Local & Self-Hosted Endpoints

Local LLM (Text / Embeddings)

Any OpenAI-compatible server works out of the box using the /custom-endpoints command category. Popular options:

Server	Notes
Ollama	Easiest local LLM setup; enable OpenAI-compat mode
KoboldCPP	GGUF models; OpenAI-compat mode built in
LM Studio	GUI-based; exposes a local `/v1` server
vLLM	High-throughput GPU serving
LiteLLM	Unified proxy over many backends
ChatMock	Local OpenAI-compat bridge for Codex CLI

Configure via /custom-endpoints in Discord, pointing at your local endpoint URL (e.g. http://192.168.1.10:11434/v1).

Local Image Generation (ComfyUI)

TomoriBot ships a ready-to-use Anima v1 ComfyUI workflow for txt2img and img2img. Use /help custom-endpoint to learn how to create a TomoriBot-compatible ComfyUI workflow for images and videos as well.

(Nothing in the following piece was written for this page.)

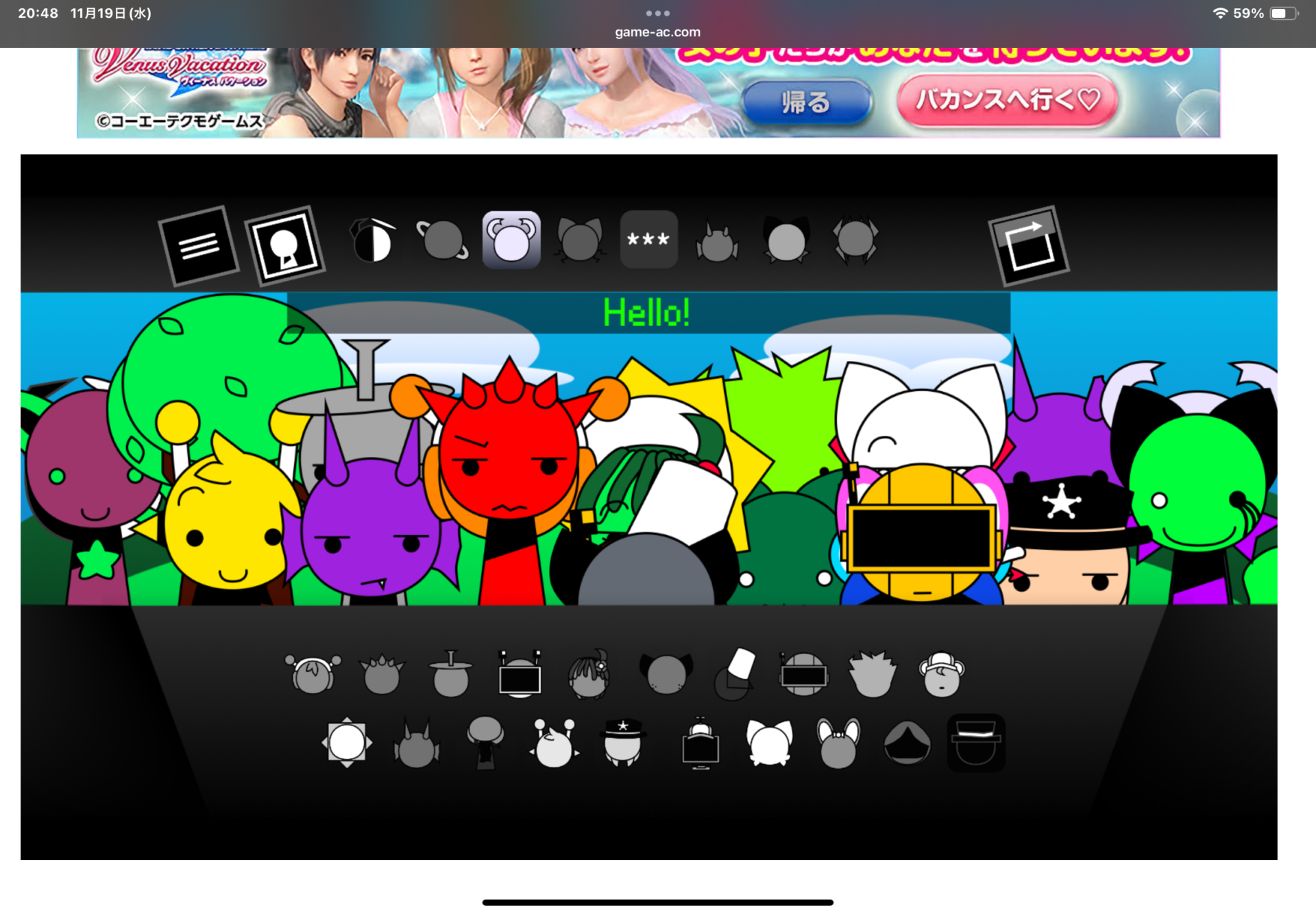 - 上部の三ツ星アイコンから「otherworlds」「hk」「oc」と入力すると、隠しキャラが出現。

Anima v1 workflow: assets/comfyui-workflows/tomoribot-anima-v1-comfyui.json
Workflow notes: assets/comfyui-workflows/README.md
Upload the .json workflow during /provider custom-endpoints add (capability: image, API style: comfyui)
ComfyUI must be reachable on the network, TomoriBot polls its /history endpoint until the image is ready

Local TTS (Voice Messages)

Three reference FastAPI wrapper servers are included, each exposing a /synthesize endpoint that TomoriBot calls for native Discord voice messages. All of which support voice cloning

Engine	Folder	Model	Strength
Chatterbox	`servers/tts/chatterbox/`	Chatterbox Turbo	English, lightweight, expressive bracket tags
Qwen3-TTS	`servers/tts/qwen3tts/`	Qwen3-TTS 1.7B Base	Large but accurate multilingual reference-audio cloning (RECOMMENDED)
IrodoriTTS	`servers/tts/irodoritts/`	Irodori-TTS 500M v2	Japanese-focused reference-audio cloning, styles with emojis

Each folder contains a server.py and requirements.txt. Start the server, then register it in Discord with /provider custom-endpoints add (capability: speech). Upload a short reference audio clip via /speech voice-add and assign it to a persona with /speech voice-assign. The clip can be in any audio format (TomoriBot automatically converts it to mono WAV), but it is strongly recommended to use a 10-20 second clip with no background music.

ElevenLabs is also supported as a cloud TTS/STT option via /speech elevenlabs.

Local STT (Audio Transcription)

A reference WhisperX server is included for transcribing audio attachments sent to TomoriBot.

Server script: servers/stt/whisperx_server.py
Exposes the standard OpenAI /v1/audio/transcriptions endpoint shape
Compatible alternatives: whisper.cpp HTTP mode, KoboldCPP STT

Register via /custom-endpoints add (capability: transcription). Use /help transcription in Discord for a step-by-step setup guide.

Local Search & Web Tools

TomoriBot can route her built-in web tools through your own self-hosted infrastructure to avoid public API limits and improve parsing quality.

Sidecar	Tool	Purpose	Guide
SearXNG	`web_search`	Privacy-respecting metasearch engine proxy to avoid rate limits	Setup Guide
Crawl4AI	`fetch_url`	Browser-rendered markdown extraction for JS-heavy sites	Setup Guide

Starting Sidecars with `bun launch`

Instead of starting sidecar services manually, use bun launch which starts the requested sidecars, waits for them to be ready, then launches the bot in watch mode automatically:

# Bot only, identical to bun run dev
bun launch

# With SearXNG and Crawl4AI Docker sidecars
bun launch --searxng --crawl4ai

# With a local TTS server (venv must be set up first — see docs/integrations/voice/tts/)
bun launch --qwen3tts

# See all available flags
bun launch --help

Available flags: --searxng, --crawl4ai, --qwen3tts, --chatterbox, --irodoritts, --whisperx

Docker sidecars (--searxng, --crawl4ai) are created on first run and reused on subsequent runs. Python TTS/STT sidecars require their venv to be set up once beforehand; see the individual setup guides in docs/integrations/voice/.

Ctrl+C stops the bot and any Python sidecar processes. Docker containers are intentionally left running — stop them manually with docker stop searxng / docker stop crawl4ai when done.